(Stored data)
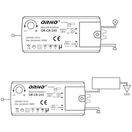 - Możliwość podłącznie bezpośredniego (max. 500W) lub do zasilacza LED-owego.
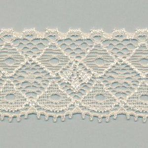 This is the Stretch Trimming Lace from SHINDO (S.I.C.). Lace with an elastic geometric pattern woven on a Russell loom, complex and delicate patterns, but also thin and flat. It is recommended for casual clothing, dance costumes, underwear, children's clothing, and interior accessories. In order to minimize shrinkage during washing and dyeing, all colors, including unbleached ones, have been treated to prevent shrinkage, so if you've ever had a lace sewn to a fabric that has shrunk after washing, don't worry. Three meter-cut products are sold as samples to check the actual product or for prototypes. Please be sure to check the actual product with a three meter-cut product before purchasing in a roll.
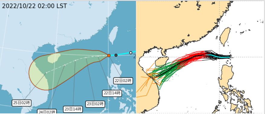 ▼左圖:中央氣象局22日2時「路徑潛勢預測圖」顯示,熱帶低壓在巴士海峽,向西轉西南西移動、往海南島南方海面前進;強度逐漸增強。右圖:最新(21日20時)歐洲模式(ECMWF)系集模擬顯示,路徑類似中央氣象局「潛勢預測圖」。(圖/三立準氣象· 老大洩天機)
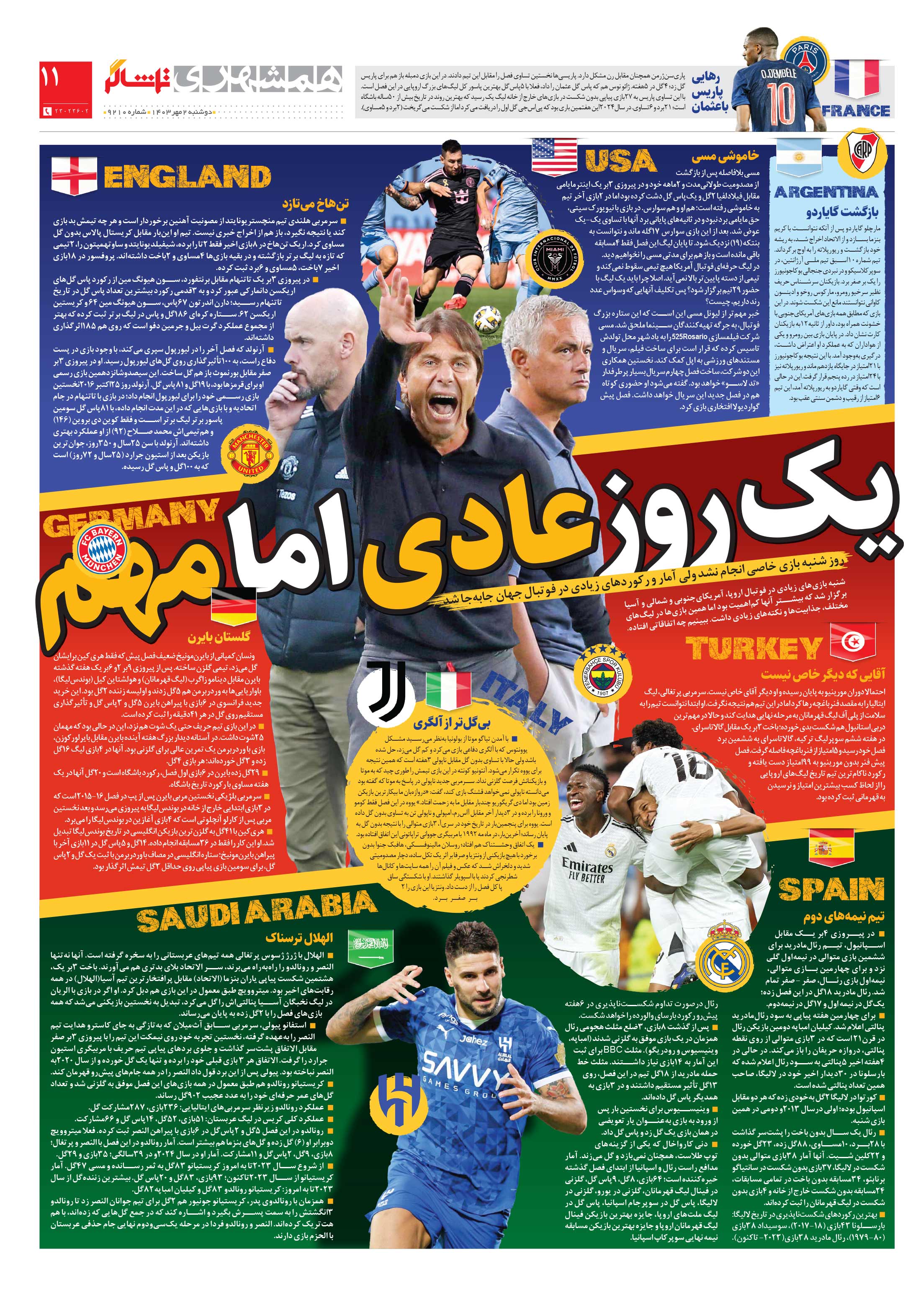 روز شنبه بازی خاصی انجام نشد ولی آمار و رکوردهای زیادی در فوتبال جهان جابهجا شد
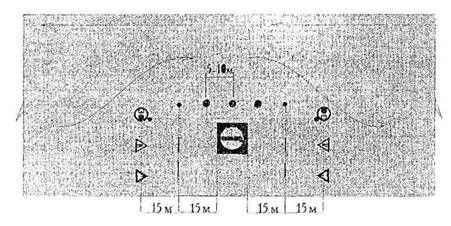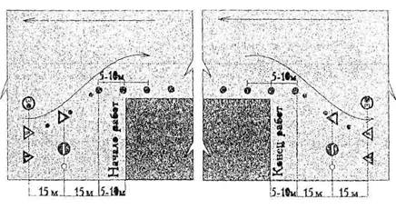 Условные обозначения: • - веха направляющая ● - конус | - барьер штакетный ○ - опора переносная для установки дорожных знаков → - направление движения Рис. 3. Схема расстановки ограждений и дорожных знаков при текущем (ямочном) ремонте асфальтобетонного покрытия при неполном снятии движения транспорта В темное время суток ограждения должны
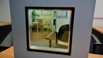 40 mm erityslasielementti, kiinnitetty hygieenisesti oven pinnan tasoon mustalla massaliimasaumalla Rekolansuora 1 | 63300 Alavus +358 (0)50 591 0776 | mu@muovius.fi
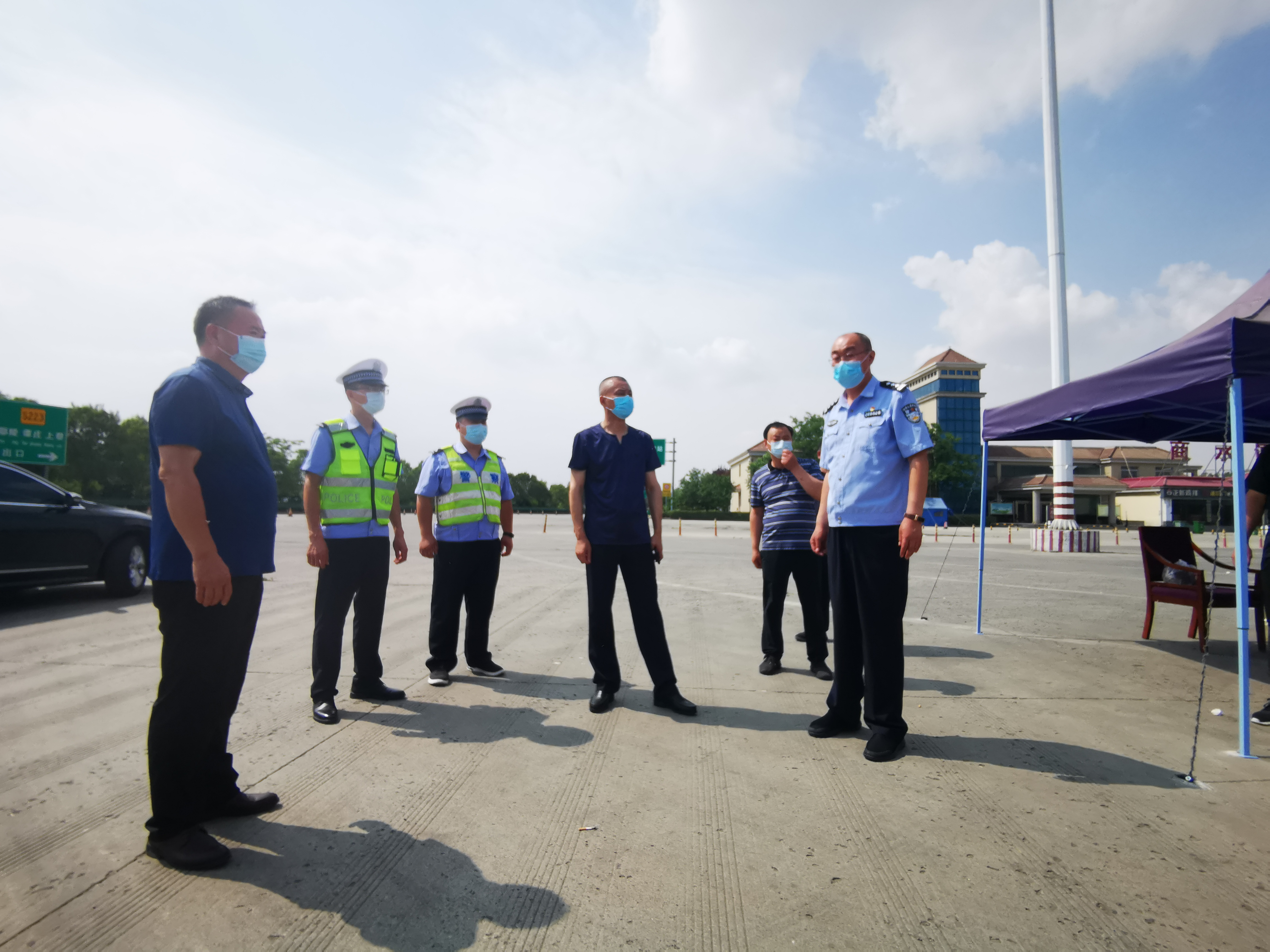 6月3日上午,商水縣副縣長、公安局長岳備戰(zhàn)一行慰問商水高速卡點(diǎn)執(zhí)勤防疫一線人員,感謝他們在節(jié)日期間的辛苦付出,并叮囑他們在做好防疫工作的同時,也要做好自我防護(hù),降溫防暑,確保個人安全。

* **TASK**: The answer should contain only the lines from the start of the records above through the line with "روز شنبه بازی", copied exactly, and no pictures.

* **ANSWER BOX**:
 - Możliwość podłącznie bezpośredniego (max. 500W) lub do zasilacza LED-owego.
 This is the Stretch Trimming Lace from SHINDO (S.I.C.). Lace with an elastic geometric pattern woven on a Russell loom, complex and delicate patterns, but also thin and flat. It is recommended for casual clothing, dance costumes, underwear, children's clothing, and interior accessories. In order to minimize shrinkage during washing and dyeing, all colors, including unbleached ones, have been treated to prevent shrinkage, so if you've ever had a lace sewn to a fabric that has shrunk after washing, don't worry. Three meter-cut products are sold as samples to check the actual product or for prototypes. Please be sure to check the actual product with a three meter-cut product before purchasing in a roll.
 ▼左圖:中央氣象局22日2時「路徑潛勢預測圖」顯示,熱帶低壓在巴士海峽,向西轉西南西移動、往海南島南方海面前進;強度逐漸增強。右圖:最新(21日20時)歐洲模式(ECMWF)系集模擬顯示,路徑類似中央氣象局「潛勢預測圖」。(圖/三立準氣象· 老大洩天機)
 روز شنبه بازی خاصی انجام نشد ولی آمار و رکوردهای زیادی در فوتبال جهان جابهجا شد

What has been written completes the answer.